Au lever du rideau, Galin Stoev veut faire croire au public qu’il va assister à un spectacle classique : mur bleu, grands volumes et costumes pastel. Mais dès les premières minutes, on se rend compte que tout cela n’est que tartufferie et si le rôle-titre apparaît seulement au troisième acte, le décor tout entier est une allégorie de sa personne. Cela se remarque au moyen de nombreux détails : Marianne (Anna Cervinka) fume une cigarette électronique, Damis (Christophe Montenez) est débraillé, presque provocant dans sa tenue comme dans sa coiffure. Ces petites choses nous mettent la puce à l’oreille, mais tout devient clair lors des changements de décors, quand la lumière s’éteint et qu’apparaissent des pages qui fouillent la maison et changent les meubles de place, alors qu’en fond de scène, d’autres membres de l’équipe apparaissent écoutant chaque fait et geste de la maison derrière une glace sans tain. Tout converge pour conduire le public à tenter de voir ce qui ne semble pas visible au premier abord. Aussi, Galin Stoev se moque des codes classiques du théâtre français, pour en faire ressortir toute la préciosité et la fausseté supposée : aujourd’hui, on en rigole de bon cœur.

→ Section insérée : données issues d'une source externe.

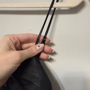 Chic black midi dress with layered design. Features delicate straps and flowing silhouette. Perfect for elegant occasions.
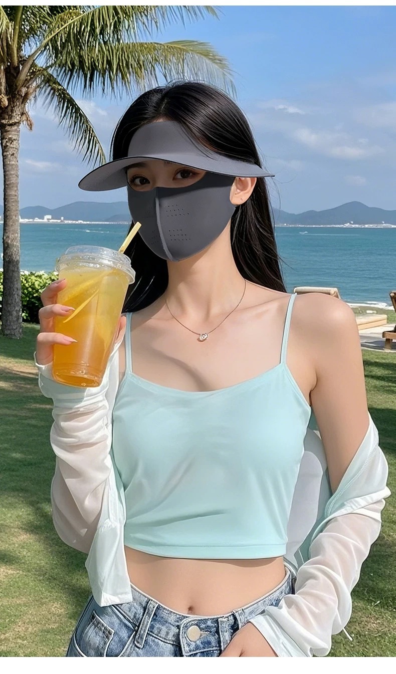 얼굴 지니 여자의 태양 모자 얼음 실크 전체 얼굴 선 스크린 UV 마스크 여름 모자 통합 큰 브림스토어 가기

Dans cet étrange univers, le jeu des acteurs est particulièrement appuyé par le caractère des personnages. Ici non plus, aucune préciosité, même chez Serge Bagdassarian (Cléante) qui habituellement en joue avec brio. Didier Sandre est un Orgon superbe, mêlant avec virtuosité les aspects doux et intransigeants du personnage. Son inquiétude vis-à-vis de la santé de Tartuffe fait immédiatement penser à de l’amour aveugle. Quant à Tartuffe (Michel Vuillermoz), il délaisse complètement l’aspect inquiétant du personnage pour lui donner un visage de libidineux un peu sot : aucun sentiment de crainte ne nous vient à son contact. Etonnant. Mais le parti pris est juste dans la mise en scène de Galin Stoev. Un détail gêne plus, c’est le costume de Dorine (Cécile Brune) ; elle campe le rôle à la perfection, mais ses habits ne précisent pas quelle est sa condition. Habillée comme ses maîtres, elle n’a plus rien d’une servante : Molière ne lui en avait pas donné le comportement, Galin Stoev lui en retire l’apparence. Le personnage perd donc sa part de comique qui réside en partie dans ce contraste. Cela est d’autant plus dommage que Dorine est puissante et occupe ici, l’un des rôles principaux de la pièce. Sans doute cet aspect déroutera le spectateur qui n’a jamais vu la pièce – et il y en aura forcément dans le public du Français dans les semaines à venir.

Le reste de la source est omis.